◆ Information supplied

☆ ☆ ☆ ☆ ☆ ☆ ☆

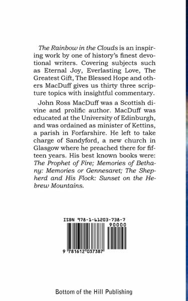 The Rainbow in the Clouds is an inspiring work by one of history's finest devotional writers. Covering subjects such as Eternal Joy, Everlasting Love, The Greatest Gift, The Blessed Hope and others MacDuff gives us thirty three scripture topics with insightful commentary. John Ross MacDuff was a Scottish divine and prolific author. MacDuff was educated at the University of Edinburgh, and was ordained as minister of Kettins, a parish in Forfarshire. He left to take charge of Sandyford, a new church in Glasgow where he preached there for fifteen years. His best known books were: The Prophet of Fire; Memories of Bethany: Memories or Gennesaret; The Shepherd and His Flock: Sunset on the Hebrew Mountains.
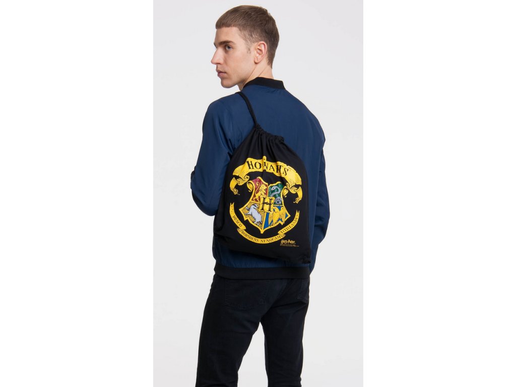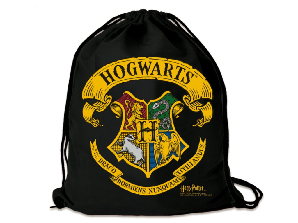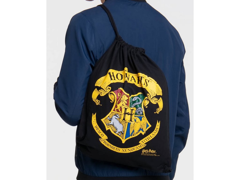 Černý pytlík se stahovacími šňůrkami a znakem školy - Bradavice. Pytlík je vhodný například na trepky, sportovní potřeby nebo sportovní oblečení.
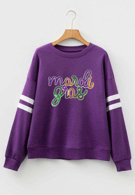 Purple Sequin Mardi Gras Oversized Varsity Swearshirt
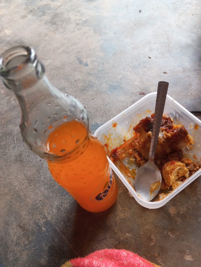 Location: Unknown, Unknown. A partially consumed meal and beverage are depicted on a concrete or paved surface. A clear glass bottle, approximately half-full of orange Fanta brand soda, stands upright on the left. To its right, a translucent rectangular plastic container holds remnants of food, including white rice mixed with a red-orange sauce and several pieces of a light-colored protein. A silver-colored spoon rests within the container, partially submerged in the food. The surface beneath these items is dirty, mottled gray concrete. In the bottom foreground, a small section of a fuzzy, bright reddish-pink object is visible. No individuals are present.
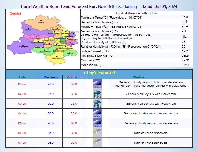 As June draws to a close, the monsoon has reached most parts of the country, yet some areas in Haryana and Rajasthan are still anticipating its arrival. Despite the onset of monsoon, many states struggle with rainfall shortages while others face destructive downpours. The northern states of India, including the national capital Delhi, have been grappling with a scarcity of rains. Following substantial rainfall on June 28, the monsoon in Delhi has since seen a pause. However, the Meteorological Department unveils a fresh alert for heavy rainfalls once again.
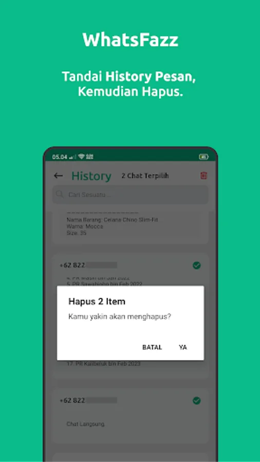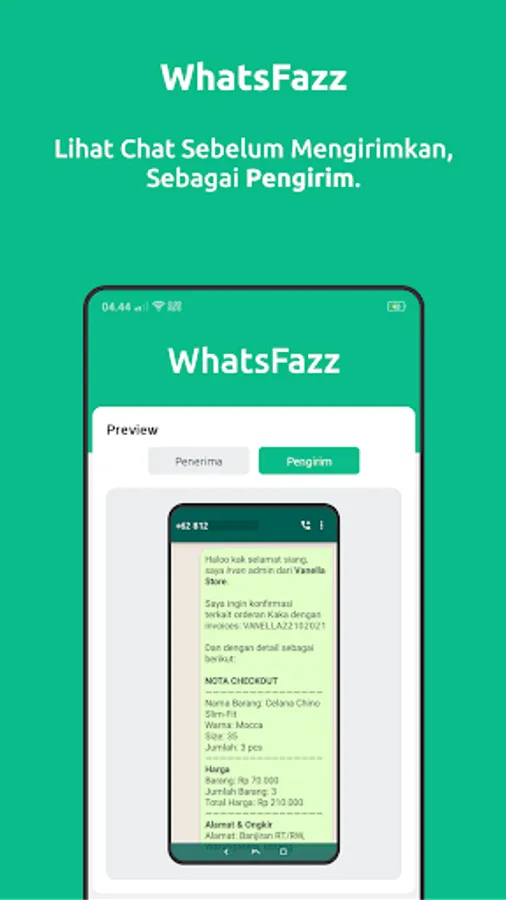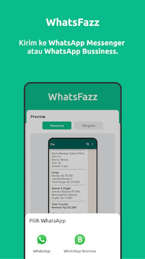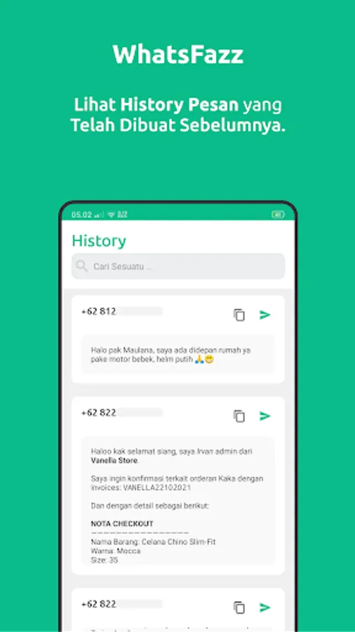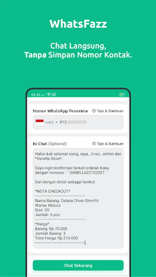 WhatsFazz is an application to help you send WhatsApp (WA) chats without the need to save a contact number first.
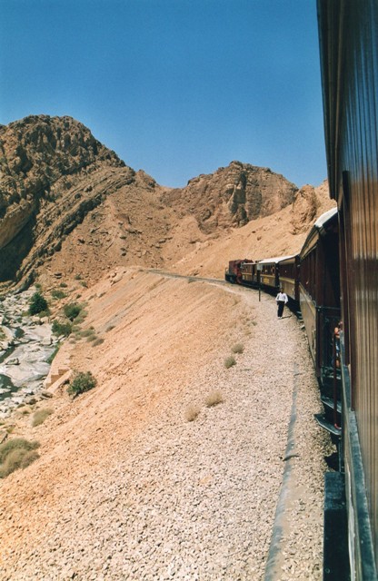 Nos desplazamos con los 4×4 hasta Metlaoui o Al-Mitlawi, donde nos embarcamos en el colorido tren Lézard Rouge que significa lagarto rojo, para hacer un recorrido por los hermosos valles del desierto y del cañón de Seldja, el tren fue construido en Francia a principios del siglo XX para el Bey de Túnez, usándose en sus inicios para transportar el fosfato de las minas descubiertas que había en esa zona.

☆ ☆ ☆ ☆ ☆ ☆ ☆

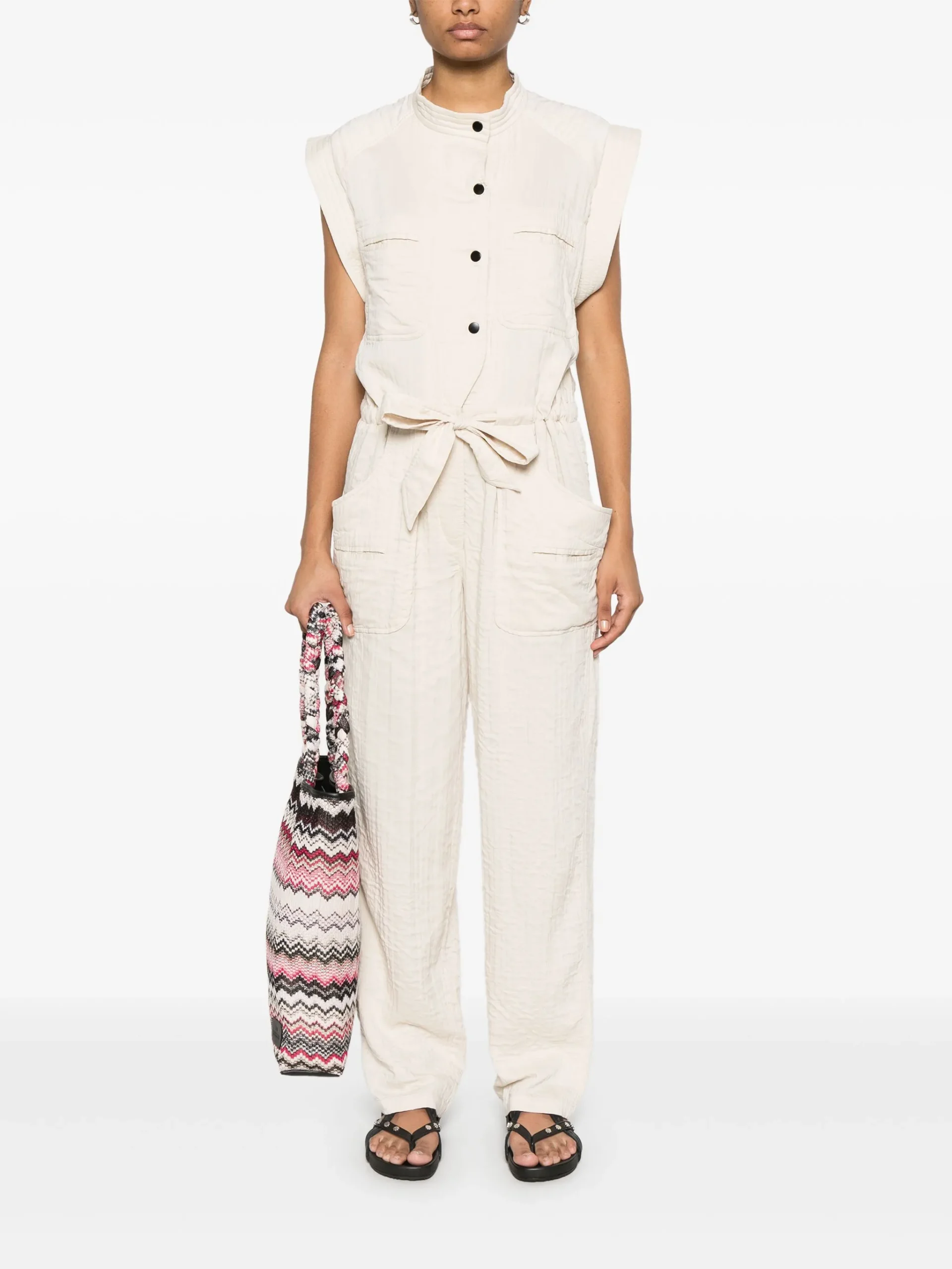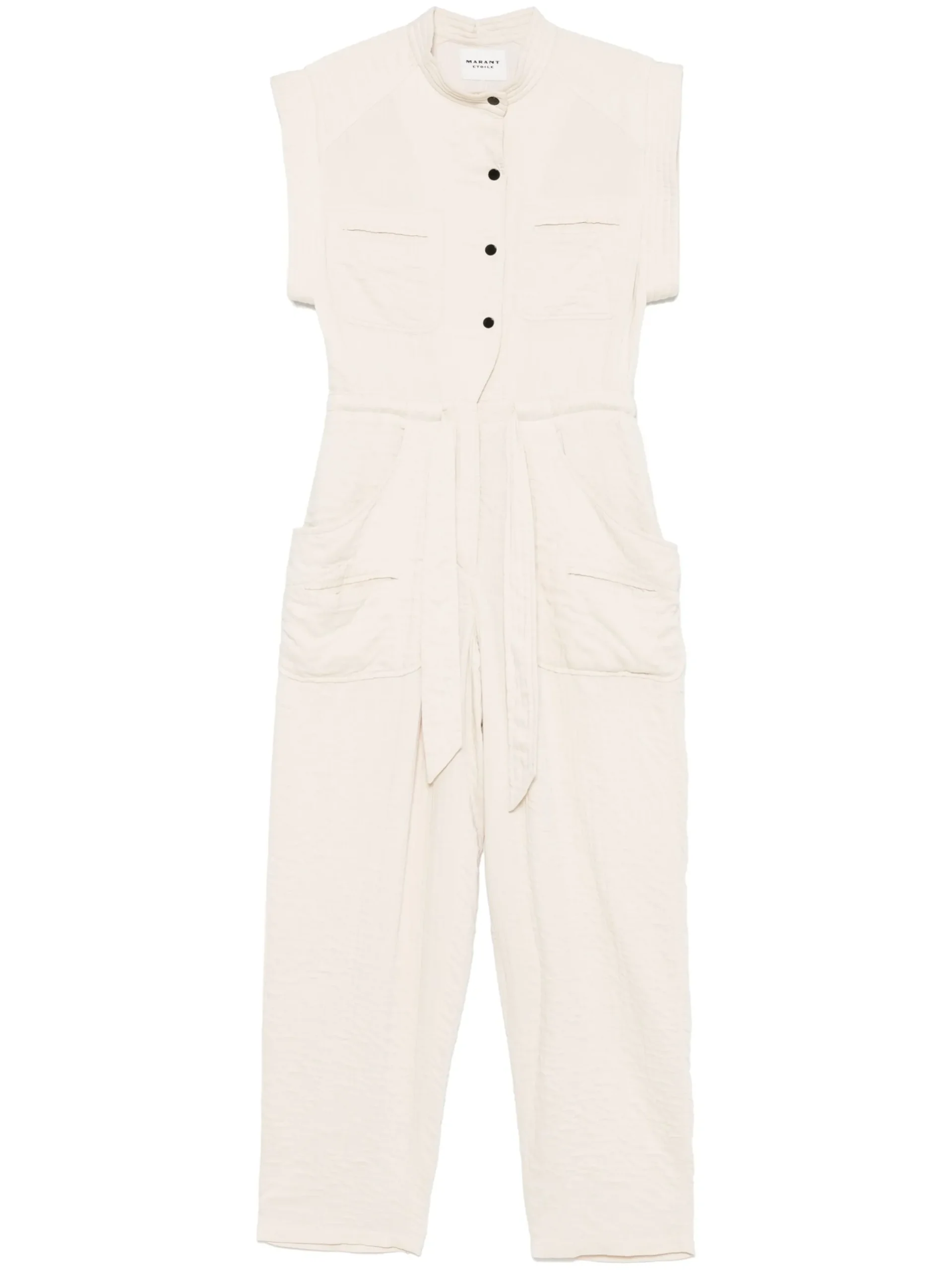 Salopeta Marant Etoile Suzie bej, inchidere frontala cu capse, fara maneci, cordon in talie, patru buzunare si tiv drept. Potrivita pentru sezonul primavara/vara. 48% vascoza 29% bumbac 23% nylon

☆ ☆ ☆ ☆ ☆ ☆ ☆

◆ What the task requires
Exact repeat of the material above: every line from the one with "WhatsFazz is an" through the one with "Nos desplazamos con", endpoints included, and nothing more. No pictures.

◆ Answer section
 WhatsFazz is an application to help you send WhatsApp (WA) chats without the need to save a contact number first.
 Nos desplazamos con los 4×4 hasta Metlaoui o Al-Mitlawi, donde nos embarcamos en el colorido tren Lézard Rouge que significa lagarto rojo, para hacer un recorrido por los hermosos valles del desierto y del cañón de Seldja, el tren fue construido en Francia a principios del siglo XX para el Bey de Túnez, usándose en sus inicios para transportar el fosfato de las minas descubiertas que había en esa zona.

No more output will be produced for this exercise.